Translational cognitive endocrinology: Designing rodent experiments with the goal to ultimately enhance cognitive health in women

S. E. Mennenga, Heather Bimonte-Nelson

Research output: Contribution to journalReview articlepeer-review

11 Scopus citations


Understanding the cognitive impact of endogenously derived, and exogenously administered, hormone alterations is necessary for developing hormone treatments to support healthy brain function in women, especially during aging. The increasing number of studies in the burgeoning area of translational cognitive neuroendocrinology has revealed numerous factors that influence the extent and direction of female steroid effects on cognition. Here, we discuss the decision processes underlying the design of rodent hormone manipulation experiments evaluating learning and memory. It is noted that even when beginning with a clear hypothesis-driven question, there are numerous factors to consider in order to solidify a sound experimental design that will yield clean, interpretable results. Decisions and considerations include: age of animals at hormone administration and test, ovariectomy implementation, when to administer hormones relative to ovarian hormone loss, how and whether to monitor the estrous cycle if animals are ovary-intact, dose of hormone, administration route of hormone, hormone treatment confirmation protocols, handling procedures required for hormone administration and treatment confirmation, cognitive domains to be tested and which mazes should be utilized to test these cognitive domains, and control measures to be used.
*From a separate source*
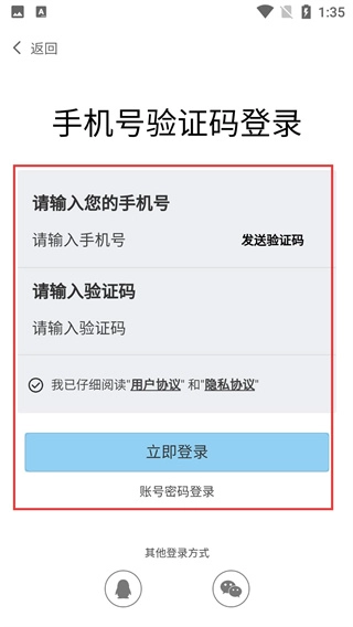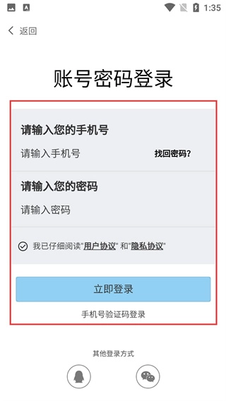 若选择账号密码登录方式,需在对应的登录页面填写手机号与密码,勾选同意相关协议后,点击【立即登录】按钮,就能完成登录流程。

A balanced view of optimal design and realistic experimental practice and protocol is presented. The emerging results from translational cognitive neuroendocrinology studies have been diverse, but also enlightening and exciting as we realize the broad scope and powerful nature of ovarian hormone effects on the brain and its function. We must design, implement, and interpret hormone and cognition experiments with sensitivity to these tenets, acknowledging and respecting the breadth and depth of the impact gonadal hormones have on brain functioning and its rich plasticity. This article is part of a Special Issue entitled Hormone Therapy.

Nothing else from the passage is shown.